::: Exercise inputs :::

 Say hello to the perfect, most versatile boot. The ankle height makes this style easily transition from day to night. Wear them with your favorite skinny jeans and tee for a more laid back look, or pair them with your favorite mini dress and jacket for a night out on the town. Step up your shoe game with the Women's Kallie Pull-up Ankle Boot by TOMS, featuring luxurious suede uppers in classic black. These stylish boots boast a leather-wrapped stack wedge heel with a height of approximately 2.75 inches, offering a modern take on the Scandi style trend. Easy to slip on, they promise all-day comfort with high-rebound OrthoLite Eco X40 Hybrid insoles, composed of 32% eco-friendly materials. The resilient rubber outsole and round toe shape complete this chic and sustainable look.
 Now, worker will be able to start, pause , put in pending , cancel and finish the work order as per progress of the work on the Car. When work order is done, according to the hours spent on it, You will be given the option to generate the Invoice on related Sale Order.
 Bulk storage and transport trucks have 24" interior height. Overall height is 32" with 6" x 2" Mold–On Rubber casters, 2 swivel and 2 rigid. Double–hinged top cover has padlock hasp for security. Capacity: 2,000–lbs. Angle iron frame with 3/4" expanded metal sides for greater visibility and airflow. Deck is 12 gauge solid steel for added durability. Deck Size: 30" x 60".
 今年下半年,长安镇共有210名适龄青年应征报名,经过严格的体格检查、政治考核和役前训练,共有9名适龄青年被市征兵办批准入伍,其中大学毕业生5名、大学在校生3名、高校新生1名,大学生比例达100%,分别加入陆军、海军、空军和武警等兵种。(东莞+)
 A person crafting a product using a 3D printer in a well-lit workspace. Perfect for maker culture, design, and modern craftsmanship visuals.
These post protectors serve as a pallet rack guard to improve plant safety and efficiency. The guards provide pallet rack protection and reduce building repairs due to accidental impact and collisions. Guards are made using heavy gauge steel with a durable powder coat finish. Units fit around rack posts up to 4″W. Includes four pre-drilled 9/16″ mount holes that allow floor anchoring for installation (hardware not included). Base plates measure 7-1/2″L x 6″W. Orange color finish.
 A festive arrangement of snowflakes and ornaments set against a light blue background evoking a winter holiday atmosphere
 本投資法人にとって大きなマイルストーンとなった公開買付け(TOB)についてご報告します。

:::
::: Exercise inputs :::

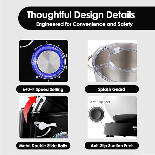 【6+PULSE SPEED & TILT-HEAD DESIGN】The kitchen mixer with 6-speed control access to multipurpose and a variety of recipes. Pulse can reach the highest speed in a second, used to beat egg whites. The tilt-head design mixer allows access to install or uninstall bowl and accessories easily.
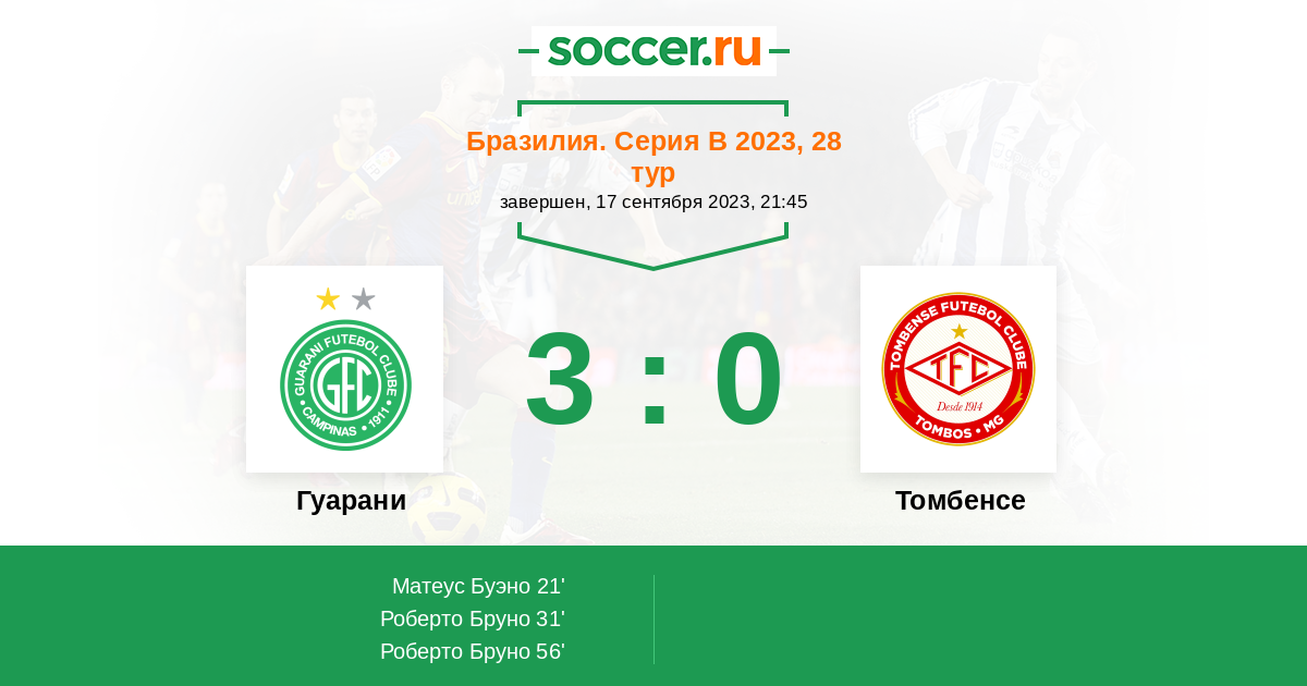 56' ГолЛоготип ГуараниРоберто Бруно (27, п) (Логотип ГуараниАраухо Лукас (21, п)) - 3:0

:::
::: Exercise inputs :::

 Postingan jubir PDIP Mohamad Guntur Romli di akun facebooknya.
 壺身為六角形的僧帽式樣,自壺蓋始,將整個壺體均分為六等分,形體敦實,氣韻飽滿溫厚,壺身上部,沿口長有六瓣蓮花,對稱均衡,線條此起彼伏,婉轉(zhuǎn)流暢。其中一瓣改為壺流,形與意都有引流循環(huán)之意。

:::

Problem to solve »
What is needed is an exact copy of the lines above, from the one containing "Bulk storage and" through the one containing "These post protectors", with nothing added.

Answer space »
 Bulk storage and transport trucks have 24" interior height. Overall height is 32" with 6" x 2" Mold–On Rubber casters, 2 swivel and 2 rigid. Double–hinged top cover has padlock hasp for security. Capacity: 2,000–lbs. Angle iron frame with 3/4" expanded metal sides for greater visibility and airflow. Deck is 12 gauge solid steel for added durability. Deck Size: 30" x 60".
 今年下半年,长安镇共有210名适龄青年应征报名,经过严格的体格检查、政治考核和役前训练,共有9名适龄青年被市征兵办批准入伍,其中大学毕业生5名、大学在校生3名、高校新生1名,大学生比例达100%,分别加入陆军、海军、空军和武警等兵种。(东莞+)
 A person crafting a product using a 3D printer in a well-lit workspace. Perfect for maker culture, design, and modern craftsmanship visuals.
These post protectors serve as a pallet rack guard to improve plant safety and efficiency. The guards provide pallet rack protection and reduce building repairs due to accidental impact and collisions. Guards are made using heavy gauge steel with a durable powder coat finish. Units fit around rack posts up to 4″W. Includes four pre-drilled 9/16″ mount holes that allow floor anchoring for installation (hardware not included). Base plates measure 7-1/2″L x 6″W. Orange color finish.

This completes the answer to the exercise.